Dairy co-operative Norco wants to double its fresh milk exports to China.
The Northern Rivers processor is currently exporting between 20,000 to 30,000 litres to China per week.
CEO, Brett Kelly, says the next step is to increase the volume to 50,000 litres a week, but the long-term objective is to reach the 20-million-litre mark.
“We’re taking every step very slowly and very carefully so we’re making sure that we get the retail frontage representation in China correct,” he said.
“We’re right at this minute putting together another CapEx (capital expenditure) review for our board meeting in a couple of weeks where we’re looking at spending $1.5 million to $2 million specifically on a new filler machine that will be used on fresh exports, and we’re obviously monitoring our volume and growth.

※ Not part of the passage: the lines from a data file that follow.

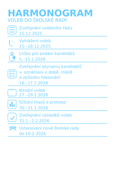 jsme před dalším důležitým krokem, kterým je obnovení činnosti Školské rady a volby jejích členů. K časovému harmonogramu průběhu voleb přikládáme i potřebné dokumenty. Jelikož funkční školská rada může být přínosným partnerem pro fungování a rozvoj školy, věříme, že se do voleb aktivně zapojíte a pomůžete nám najít takové zástupce z vašich řad, kterým záleží na kvalitě školy, stejně jako nám.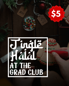 Join the SOGS International and Racial Equity Commissions, and the Graduate Peer Support Committee for JINGLE HALAL event at the Grad Club!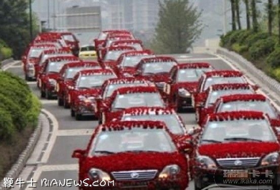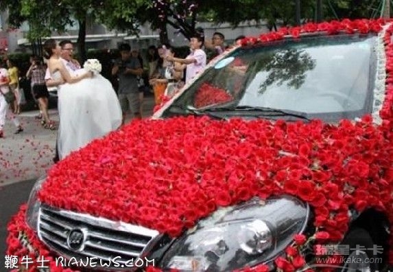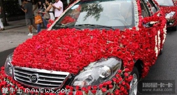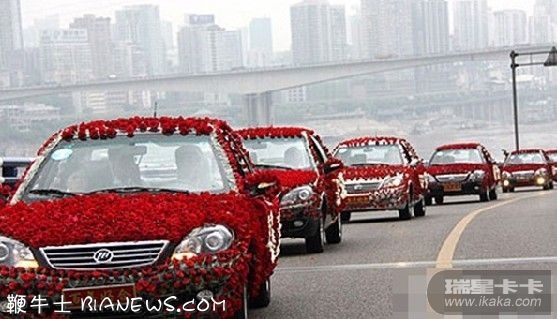 重庆惊现“玫瑰帝”10万朵玫瑰包装婚礼花车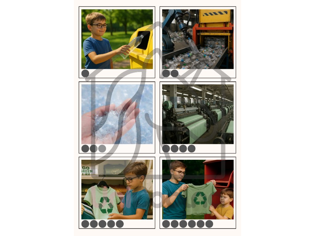 - Každá sada obsahuje sérii obrázků, které děti seřazují podle dějové posloupnosti – od začátku až po konec příběhu. Dítě vypráví, co se na obrázcích děje, hledá souvislosti a rozvíjí svou představivost.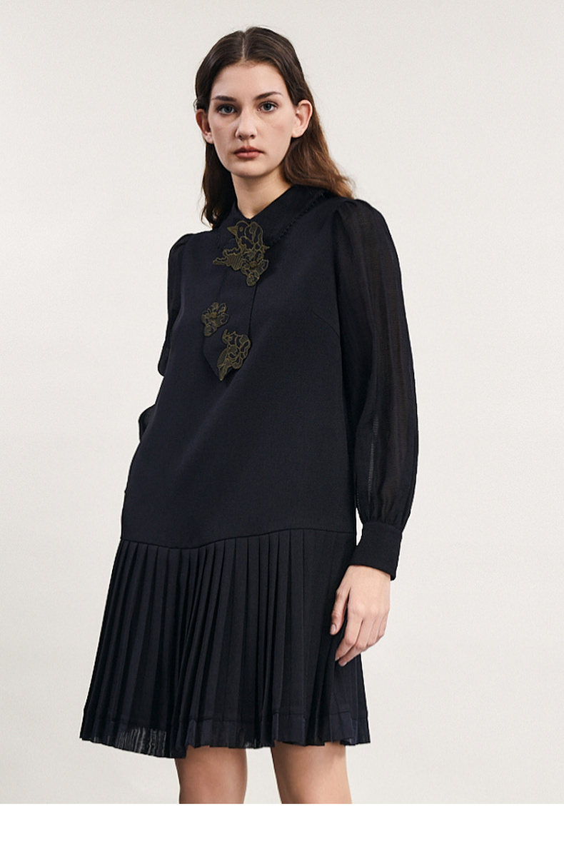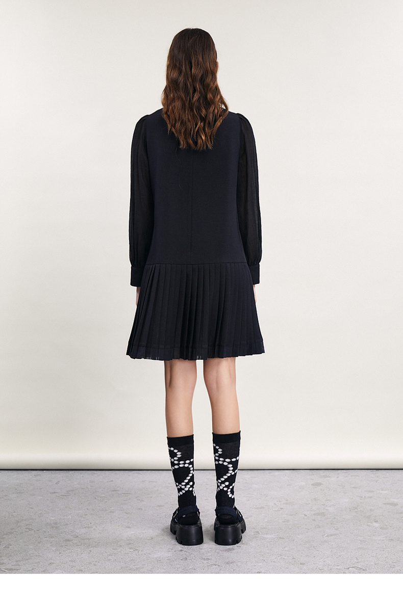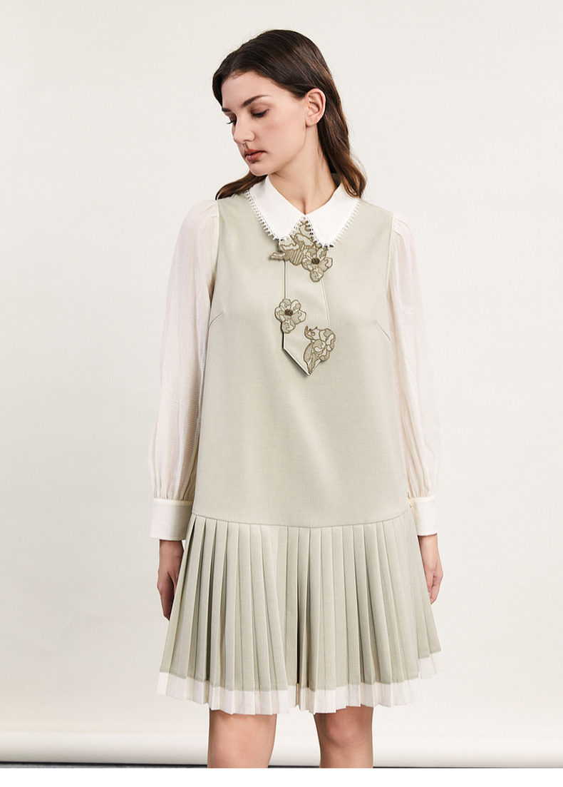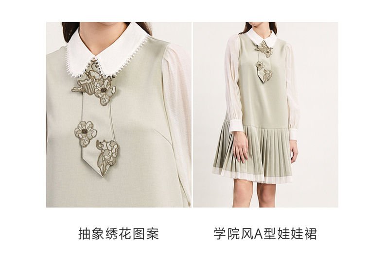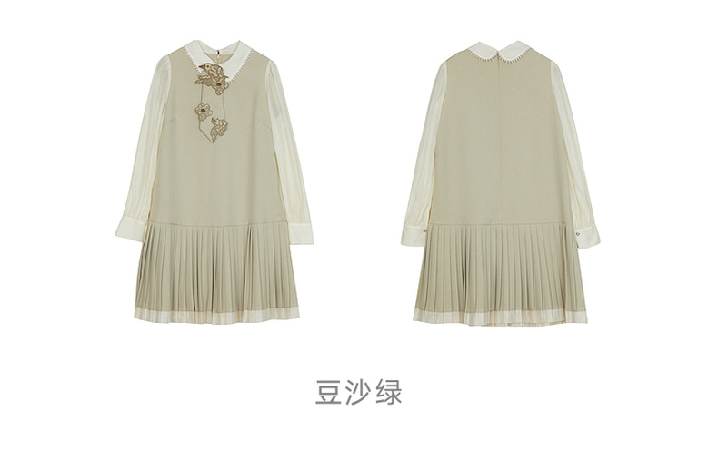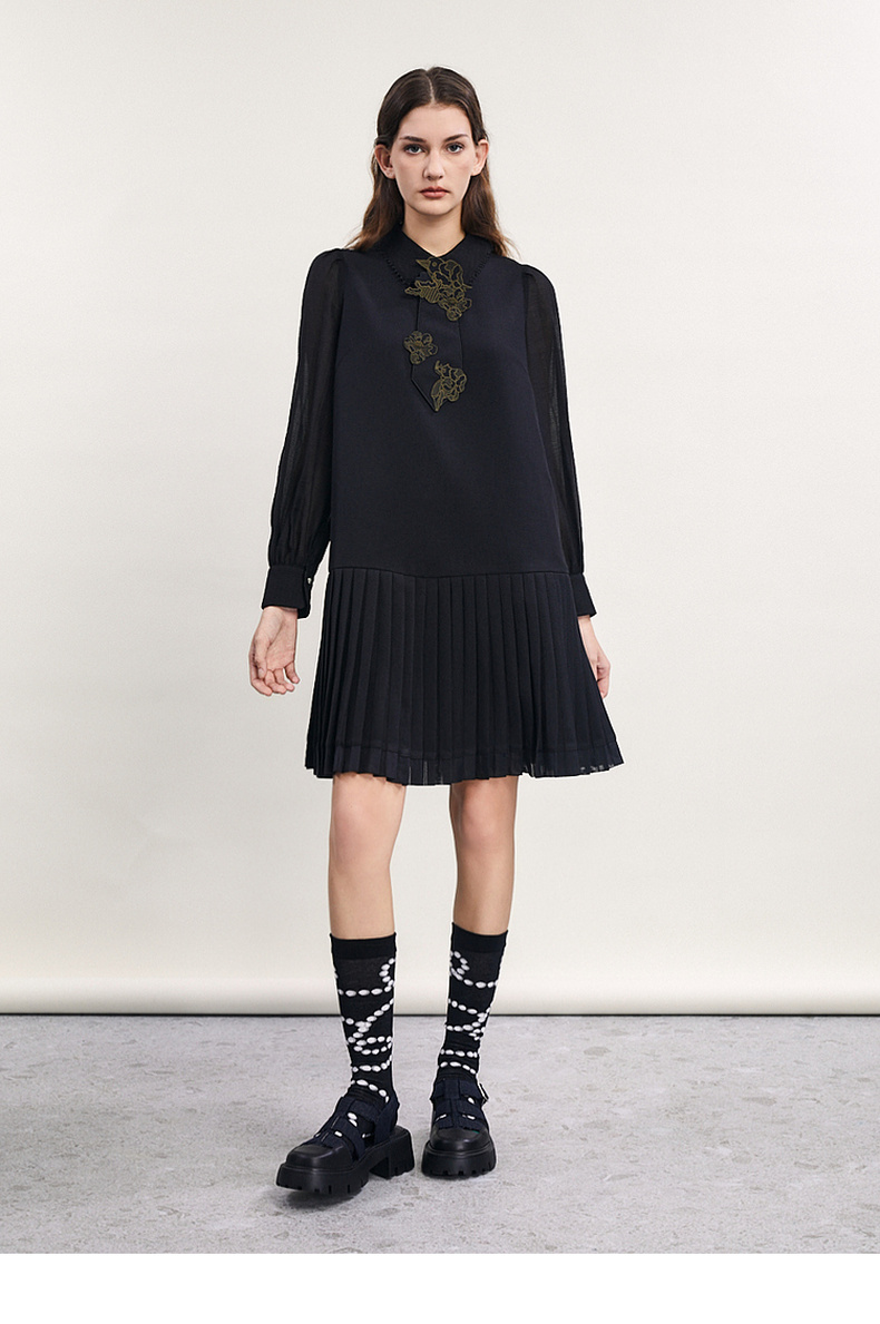 谜底百褶连衣裙长袖女2024春款学院风设计感拼接中长裙241ML0101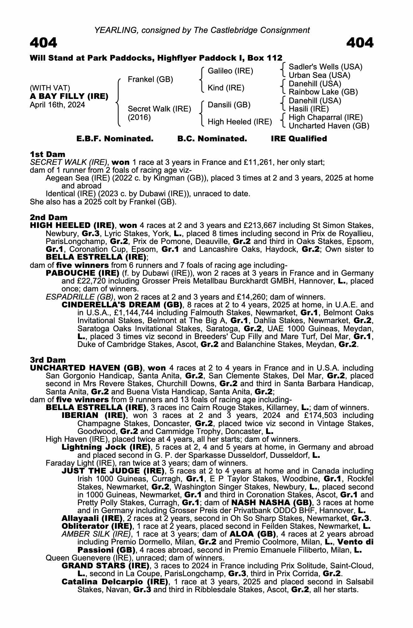 Under 3rd dam, Queen Guenevere (IRE), dam of: GRAND STARS (IRE), placed 3 times including third in Prix Jean Romanet, Deauville, Gr.1.
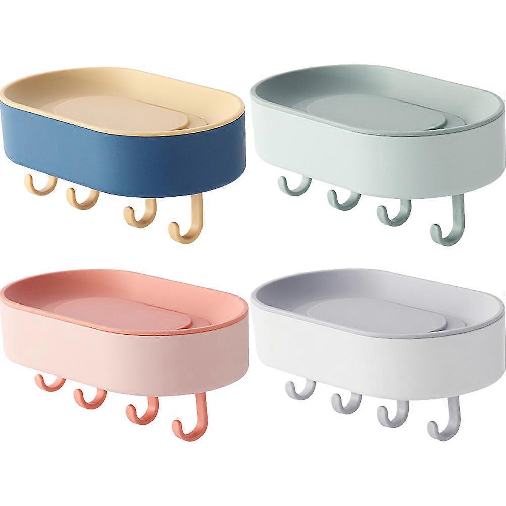 Plastic Soap Dishes Wall-Mounted Soap Holder for Bathroom Kitchen Drainage 4Pcs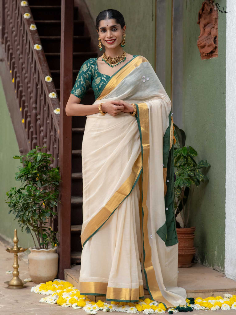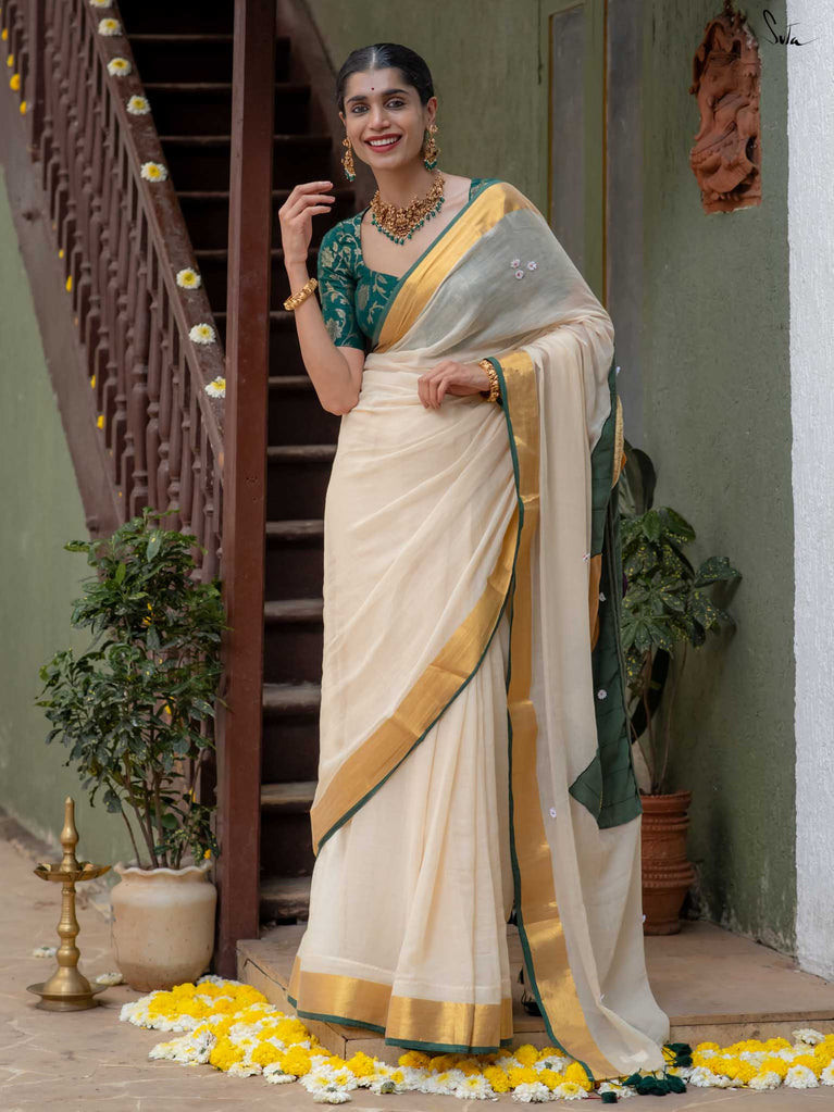 And what’s Onam without a touch of gold? Pair your favorite jewelry with this saree to complete your Onam look.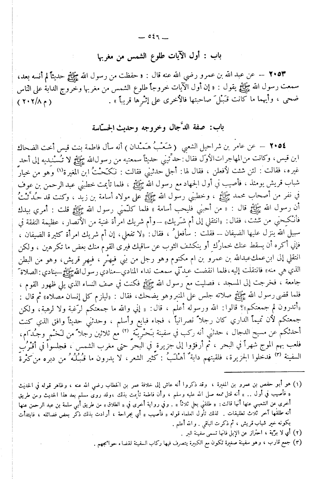 2054 - عن عَامِر بْن شَرَاحِيلَ الشَّعْبِيُّ شَعْبُ هَمْدَانَ أَنَّهُ سَأَلَ فَاطِمَةَ بِنْتَ قَيْسٍ أُخْتَ الضَّحَّاكِ بْنِ قَيْسٍ وَكَانَتْ مِنْ الْمُهَاجِرَاتِ الْأُوَلِ فَقَالَ حَدِّثِينِي حَدِيثًا سَمِعْتِيهِ مِنْ رَسُولِ اللَّهِ - صَلَّى اللَّهُ عَلَيْهِ وَسَلَّمَ - لَا تُسْنِدِيهِ إِلَى أَحَدٍ غَيْرِهِ فَقَالَتْ لَئِنْ شِئْتَ لَأَفْعَلَنَّ فَقَالَ لَهَا أَجَلْ حَدِّثِينِي فَقَالَتْ نَكَحْتُ ابْنَ الْمُغِيرَةِ (¬1) وَهُوَ مِنْ خِيَارِ شَبَابِ قُرَيْشٍ يَوْمَئِذٍ فَأُصِيبَ فِي أَوَّلِ الْجِهَادِ مَعَ رَسُولِ اللَّهِ - صَلَّى اللَّهُ عَلَيْهِ وَسَلَّمَ - فَلَمَّا تَأَيَّمْتُ خَطَبَنِي عَبْدُ الرَّحْمَنِ بْنُ عَوْفٍ فِي نَفَرٍ مِنْ أَصْحَابِ رَسُولِ اللَّهِ - صَلَّى اللَّهُ عَلَيْهِ وَسَلَّمَ - وَخَطَبَنِي رَسُولُ اللَّهِ - صَلَّى اللَّهُ عَلَيْهِ وَسَلَّمَ - عَلَى مَوْلَاهُ أُسَامَةَ بْنِ زَيْدٍ وَكُنْتُ قَدْ حُدِّثْتُ أَنَّ رَسُولَ اللَّهِ - صَلَّى اللَّهُ عَلَيْهِ وَسَلَّمَ - قَالَ مَنْ أَحَبَّنِي فَلْيُحِبَّ أُسَامَةَ فَلَمَّا كَلَّمَنِي رَسُولُ اللَّهِ - صَلَّى اللَّهُ عَلَيْهِ وَسَلَّمَ - قُلْتُ أَمْرِي بِيَدِكَ فَأَنْكِحْنِي مَنْ شِئْتَ فَقَالَ انْتَقِلِي إِلَى أُمِّ شَرِيكٍ وَأُمُّ شَرِيكٍ امْرَأَةٌ غَنِيَّةٌ مِنْ الْأَنْصَارِ عَظِيمَةُ النَّفَقَةِ فِي سَبِيلِ اللَّهِ يَنْزِلُ عَلَيْهَا الضِّيفَانُ فَقُلْتُ سَأَفْعَلُ فَقَالَ لَا تَفْعَلِي إِنَّ أُمَّ شَرِيكٍ امْرَأَةٌ كَثِيرَةُ الضِّيفَانِ فَإِنِّي أَكْرَهُ أَنْ يَسْقُطَ عَنْكِ خِمَارُكِ أَوْ يَنْكَشِفَ الثَّوْبُ عَنْ سَاقَيْكِ فَيَرَى الْقَوْمُ مِنْكِ بَعْضَ مَا تَكْرَهِينَ وَلَكِنْ انْتَقِلِي إِلَى ابْنِ عَمِّكِ عَبْدِ اللَّهِ بْنِ عَمْرِو ابْنِ أُمِّ مَكْتُومٍ وَهُوَ رَجُلٌ مِنْ بَنِي فِهْرٍ فِهْرِ قُرَيْشٍ وَهُوَ مِنْ الْبَطْنِ الَّذِي هِيَ مِنْهُ فَانْتَقَلْتُ إِلَيْهِ فَلَمَّا انْقَضَتْ عِدَّتِي سَمِعْتُ نِدَاءَ الْمُنَادِي مُنَادِي رَسُولِ اللَّهِ - صَلَّى اللَّهُ عَلَيْهِ وَسَلَّمَ - يُنَادِي الصَّلَاةَ جَامِعَةً فَخَرَجْتُ إِلَى الْمَسْجِدِ فَصَلَّيْتُ مَعَ رَسُولِ اللَّهِ - صَلَّى اللَّهُ عَلَيْهِ وَسَلَّمَ - فَكُنْتُ فِي صَفِّ النِّسَاءِ الذي يلِي ظُهُورَ الْقَوْمِ فَلَمَّا قَضَى رَسُولُ اللَّهِ - صَلَّى اللَّهُ عَلَيْهِ وَسَلَّمَ - صَلَاتَهُ جَلَسَ عَلَى الْمِنْبَرِ وَهُوَ يَضْحَكُ فَقَالَ لِيَلْزَمْ كُلُّ إِنْسَانٍ مُصَلَّاهُ ثُمَّ قَالَ أَتَدْرُونَ لِمَ جَمَعْتُكُمْ قَالُوا اللَّهُ وَرَسُولُهُ أَعْلَمُ قَالَ إِنِّي وَاللَّهِ مَا جَمَعْتُكُمْ لِرَغْبَةٍ وَلَا لِرَهْبَةٍ وَلَكِنْ جَمَعْتُكُمْ لِأَنَّ تَمِيمًا الدَّارِيَّ كَانَ رَجُلًا نَصْرَانِيًّا فَجَاءَ فَبَايَعَ وَأَسْلَمَ وَحَدَّثَنِي حَدِيثًا وَافَقَ الَّذِي كُنْتُ أُحَدِّثُكُمْ عَنْ مَسِيحِ الدَّجَّالِ حَدَّثَنِي أَنَّهُ رَكِبَ فِي سَفِينَةٍ بَحْرِيَّةٍ (¬2) مَعَ ثَلَاثِينَ رَجُلًا مِنْ لَخْمٍ وَجُدامَ فَلَعِبَ بِهِمْ الْمَوْجُ شَهْرًا فِي الْبَحْرِ ثُمَّ أَرْفَؤوا إِلَى جَزِيرَةٍ فِي الْبَحْرِ حَتَّى مَغْرِبِ الشَّمْسِ فَجَلَسُوا فِي أَقْرُبْ السَّفِينَةِ (¬3) فَدَخَلُوا الْجَزِيرَةَ فَلَقِيَتْهُمْ دَابَّةٌ أَهْلَبُ كَثِيرُ الشَّعَرِ لَا يَدْرُونَ مَا قُبُلُهُ مِنْ دُبُرِهِ مِنْ كَثْرَةِ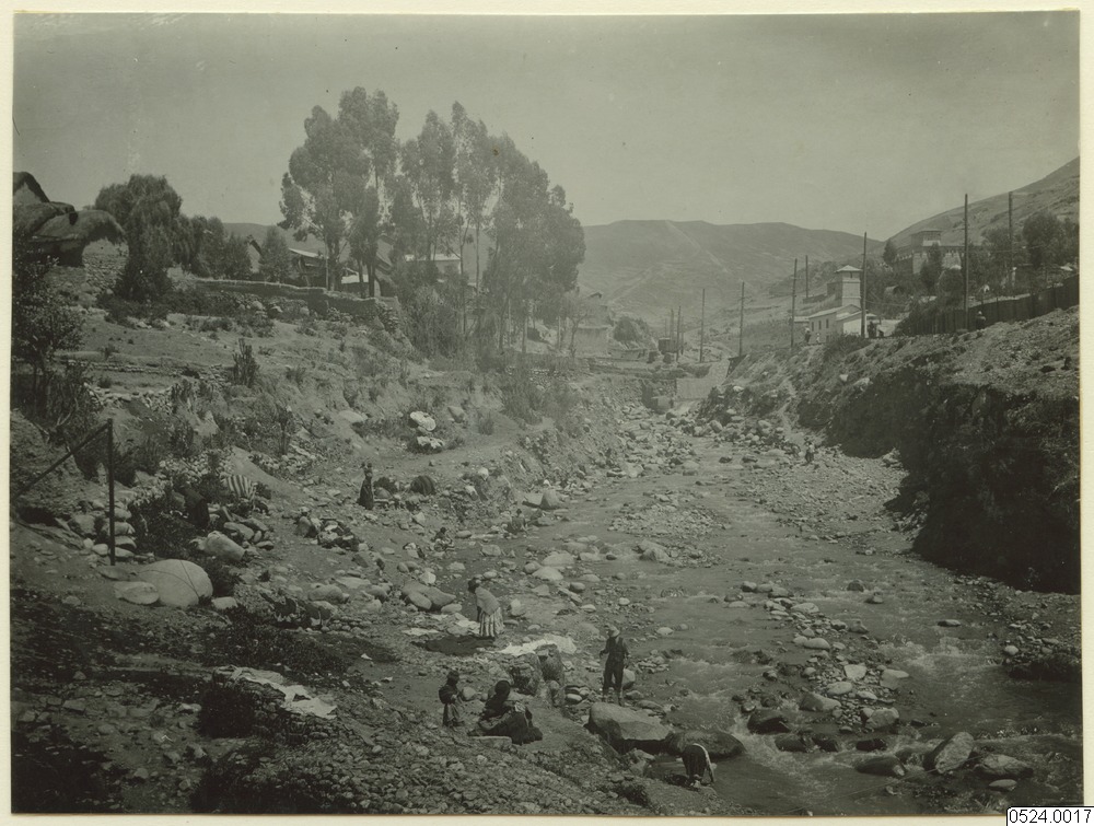 En bit av Rio de La Paz, där den rinner genom den bolivianska huvudstaden. Cholas sitta nere vid floden och tvätta sina kläder. Det redan färdigtvättade har bretts ut på stranden, där man längre bort ser två av deras snabbt nersmutsade kjolar utlagda, på avstånd liknande väldiga kvarnstenar.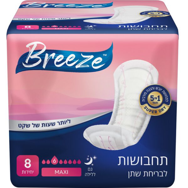 תחבושות Breeze ליותר שעות של שקט - מיועדות לנשים החוות בריחת שתן בינונית, התחבושות מעניקות הגנה מירבית וטובה יותר מתחבושת היגיינית. התחבושות גמישות ובמבנה אנטומי להתאמה לגופך, בעלות פסי הדבקה חזקים למניעת תזוזה, מקופלות וארוזות באריזה אישית לשמירה על דיסקרטיות והיגיינה, בעלות מגע רך ובד נושם לתחושה אוורירית. מאפשרות אורח חיים חופשי ומלא בביטחון.

“What we want to do is get the volume slowly and securely growing and locked in, and then what we can do from there is we can come back to our members keeping them updated and giving them the opportunity to continue to increase their production.”
The co-operative has more than 200 suppliers from the Hunter Valley in NSW to Southern Queensland.
Mr Kelly is one of 38 industry representatives on a trade mission to China this week with the Federal Minister for Agriculture, Barnaby Joyce.
“Norco’s position there is that we’ll obviously be meeting with more customers and continuing to build and grow the fresh milk export business,” he said.
“We’ve had a huge amount of enquiries, and we get that every day, but we’re dealing with about five that we see as key customers and they’re aligned strategically.
“We’ve looked at the online sales in China, which are very big, so we’re dealing with one customer there. We’re also dealing with other customers that are selling through the retail supermarket shopfront, but we’re trying to pick very carefully where we see the Norco brand be positioned.”